Caught Between a Rock and a Hard Place
Russia’s invasion of Ukraine aggravated what was already a tricky scenario for policymakers, pushing the EU into the dilemma of curbing inflation without dampening economic growth.
Skyrocketing natural gas prices have made inflation the most burning issue for policymakers. The only weapon in the ECB’s arsenal is its benchmark interest rate. Higher interest rates curb inflation by dampening demand. However, lower consumer spending slows economic growth.
Are the Markets Overreacting?
The situation is worrisome but not without silver linings. There are a few bright factors that could help the common bloc stave off a technical recession.
Slow & Steady
To begin with, the ECB has moved cautiously. Developments on the other side of the pond indicate how jittery policymakers can get. The US Federal Reserve has already hiked rates to 3%-3.25%.

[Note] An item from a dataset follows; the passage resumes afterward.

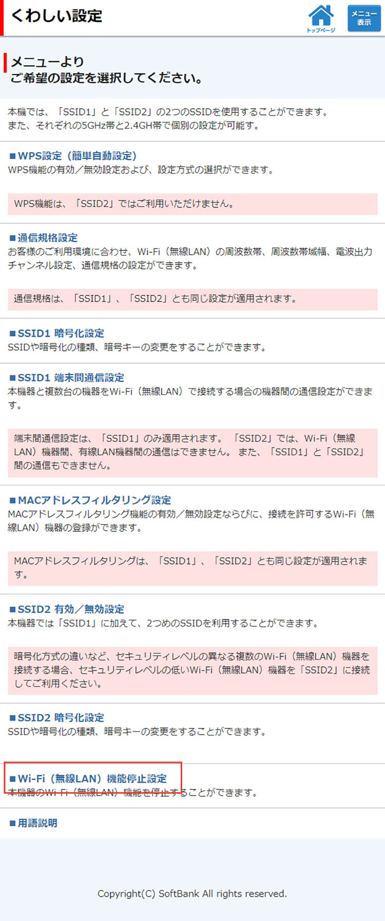 - SSID:光BBユニットの無線LANネットワークを区別するための名前。
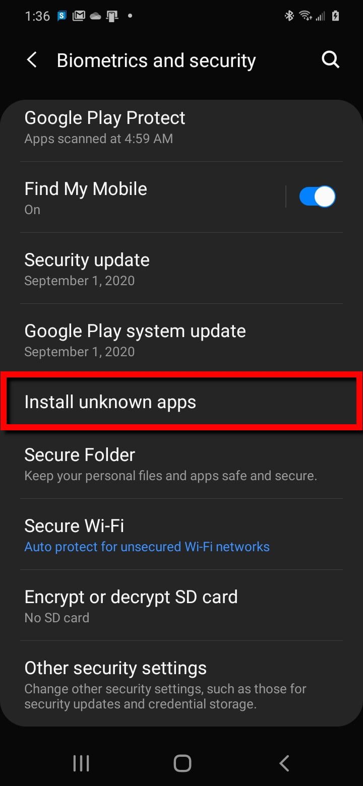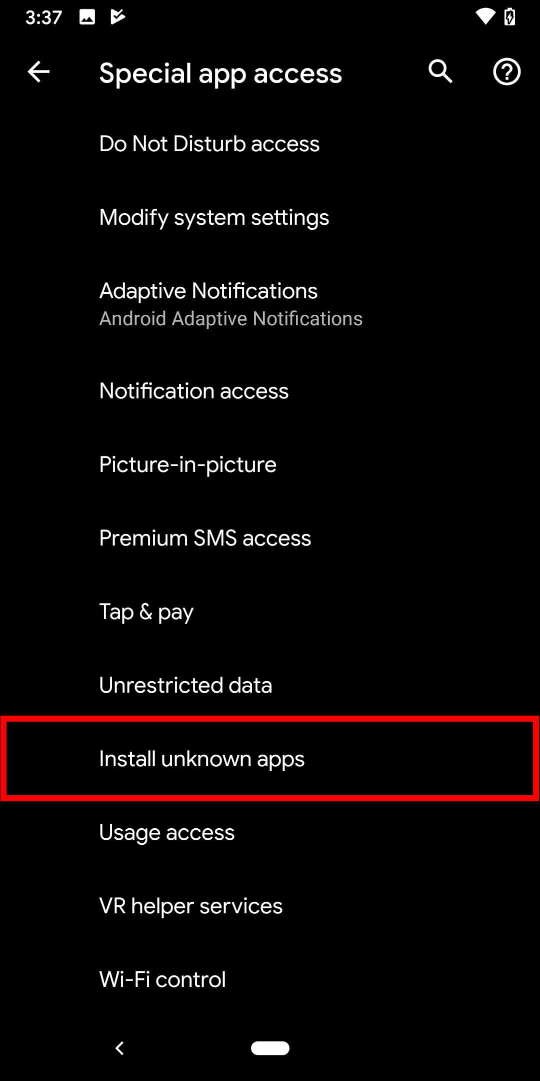 Paso 3: toca Instalar aplicaciones desconocidas.

The ECB raised rates, but very gradually, from -0.5% to 0% in July and then from 0% to 0.75% in September. Despite these hikes, the benchmark rate remains well below what economists widely suggest is an economy’s neutral rate (which represents neither stimulation nor tightening), at about 1.5%. This gives the ECB ample room for further tightening.
What’s Recession Anyway?
The term recession is often used rather loosely to mean a slowdown in economic growth or even a brief period of contraction. However, by definition, recession is two consecutive quarters of negative growth, which didn’t even happen during the pandemic slowdown.
A Resilient Economy
Notwithstanding the Russia-Ukraine war, the European economy delivered robust growth in the first half of 2022, triggered by strong trade and some opening of supply chain bottlenecks. In addition, the easing of covid-related restrictions helped a rebound in contact-based service industries, such as tourism. The recovery in turn helped tourism-dependent countries like Greece, where summer tourism is estimated to be higher than the pre-pandemic levels. This is also reflected in the overly positive sentiment for the EU, as seen in Acuity’s Sentiment Widget.